Service-principals voor Microsoft Entra ID worden niet gesynchroniseerd
- De toepassing Azure Databricks SCIM Provisioning Connector biedt geen ondersteuning voor het synchroniseren van service-principals.
Na de eerste synchronisatie stoppen de gebruikers en groepen met synchroniseren
Als u de Azure Databricks SCIM Provisioning Connector-toepassing gebruikt: Na de eerste synchronisatie wordt Microsoft Entra-id niet onmiddellijk gesynchroniseerd nadat u gebruikers- of groepstoewijzingen hebt gewijzigd. Er wordt een synchronisatie met de toepassing gepland na een vertraging, op basis van het aantal gebruikers en groepen. Als u een onmiddellijke synchronisatie wilt aanvragen, gaat u naar Inrichting > beheren voor de bedrijfstoepassing en selecteert u Huidige status wissen en start u de synchronisatie opnieuw.

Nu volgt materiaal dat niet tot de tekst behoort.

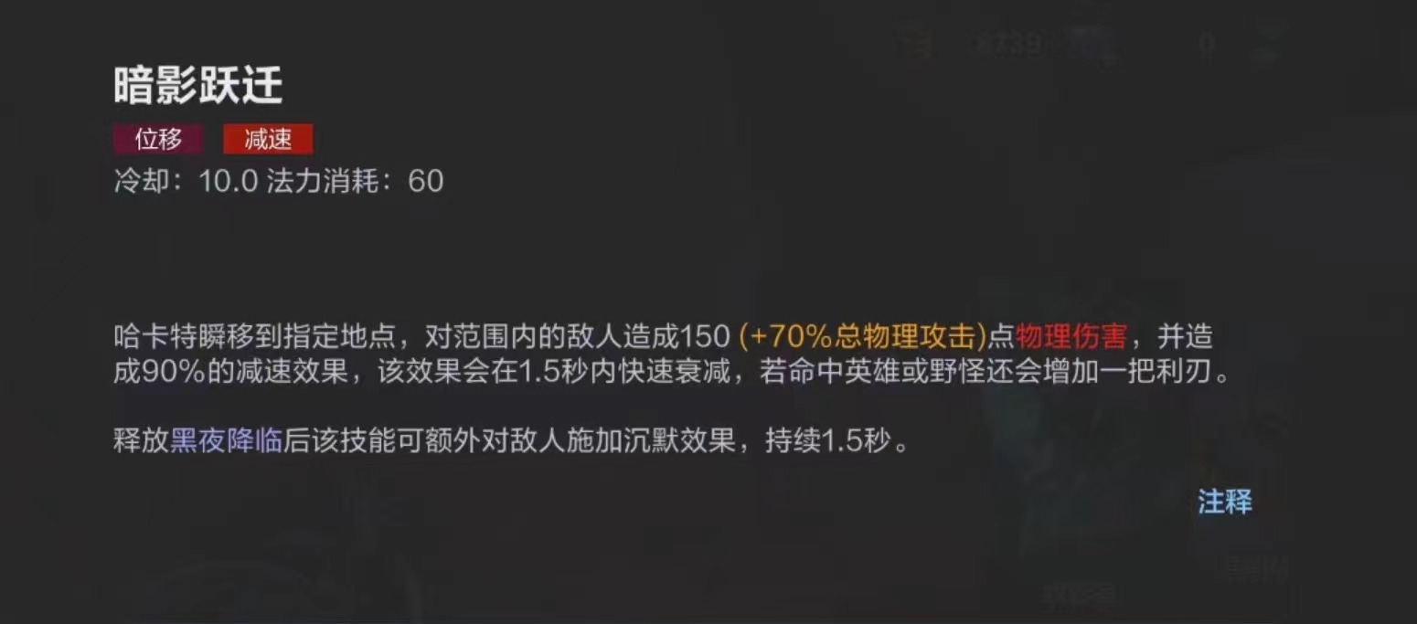 第1个技能可以瞬移到你想要的位置,而且在瞬移过程中,可以对这个范围内所有的敌人造成一定的伤害,在释放这个技能的时候会对敌人造成控制或者沉默效果,冷却时间为4秒,每4秒可以使用一次,但是沉默的时间会持续1~1.5秒,所以玩家可以利用这个技能。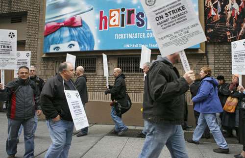 這是當(dāng)?shù)氐奈枧_人員工會首次采取罷工行動。紐約市長彭博說他已經(jīng)和劇院負(fù)責(zé)人和舞臺人員對話。彭博說,雖然這是私人勞工糾紛,但所造成的經(jīng)濟影響甚廣,也遠(yuǎn)超只是關(guān)閉劇院一天的影響。他表示市政府會繼續(xù)準(zhǔn)備提供任何協(xié)助。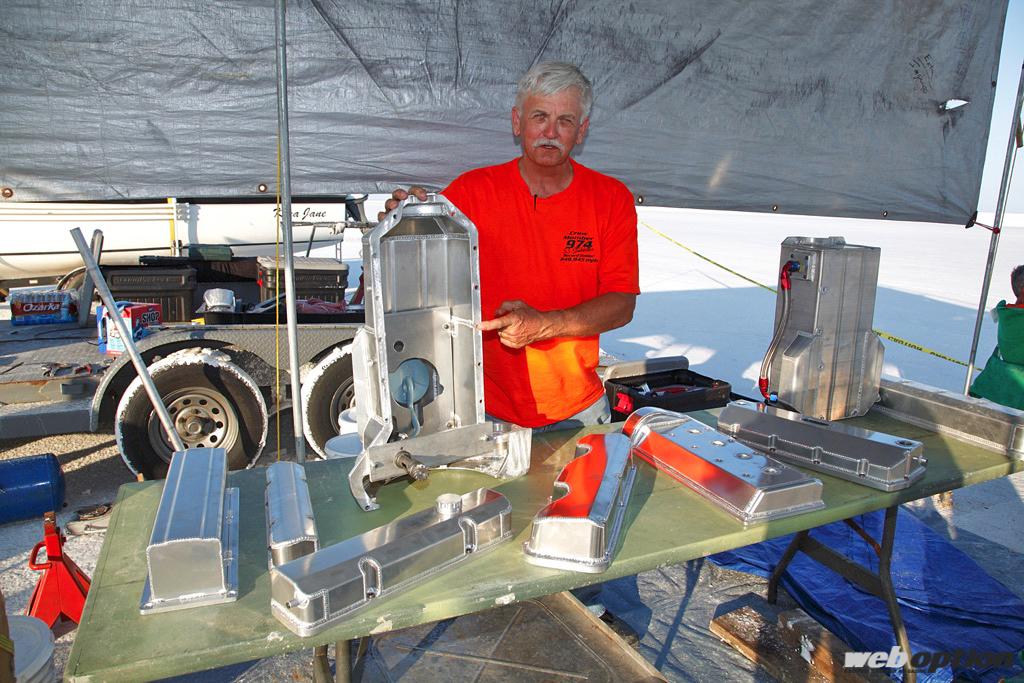 スタッフのダグさんは、マイアミでアルミ製のカムカバーやオイルパンを作るダグリーエンジニアティパフォーマンスプロダクトを経営。マニアックなパーツを色々と見せてくれた。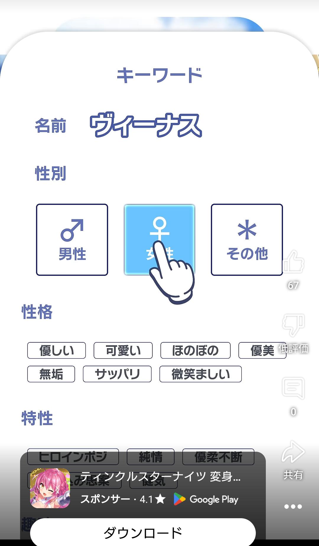 | … | 10826/04/19(日)23:08:50 ID:D41LKwNwNo.1422024202+>fu6572010.jpg 名前がヴィーナスって決まってるのに男性とか選ぶとどうなるんすかねこれ |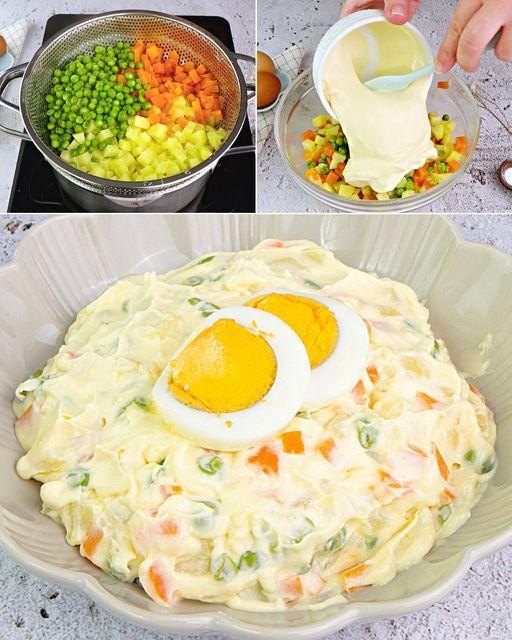 Egy lábasban, forrásban lévő, enyhén sós vízben főzd meg a zöldségeket és a borsót körülbelül 10 perc alatt, amíg megpuhulnak.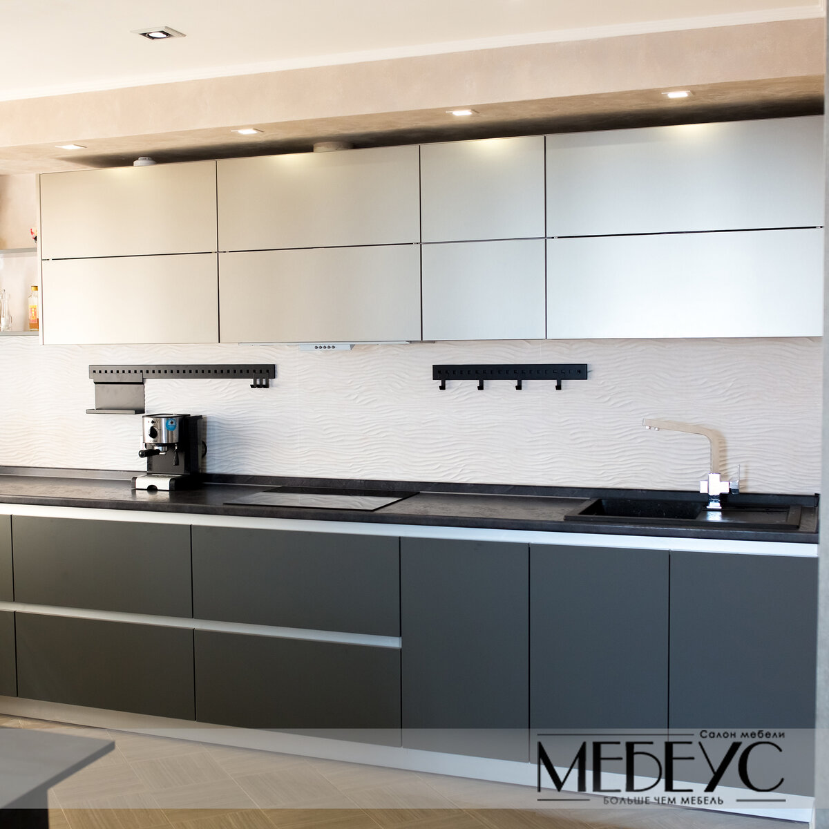 Все новинки быстро попадают к нам в офис и конечно же мы стараемся предлагать их клиентам в первую очередь:) Ведь как известно делая одно и тоже каждый день, нам просто будет нечего показать. И так на этой кухне мы использовали новинку от компании AGT Турция, фасадную панель с декором под шлифованную сталь (верхние фасады и пеналы). Тактильно фасад на 99% передает ощущение стали, но по факту это тонкий слой фольги нанесённый на МДФ (основа для многих фасадов). Верхние фасады идеально сочетаются с алюминиевыми профилями и цоколем установленными в нижние базы кухни. На нижних фасадах такие же панели AGT только цвет серый матовый. Визуальное восприятие можете посмотреть на фото! в живую конечно выглядит в несколько раз круче! Поставили бы себе такие фасады?

IP-bereik van Microsoft Entra ID-inrichtingsservice is niet toegankelijk
De Microsoft Entra ID-inrichtingsservice werkt onder specifieke IP-bereiken. Als u de netwerktoegang wilt beperken, moet u verkeer van de IP-adressen voor AzureActiveDirectory
in dit IP-bereikbestand toestaan. Zie IP-bereiken voor meer informatie.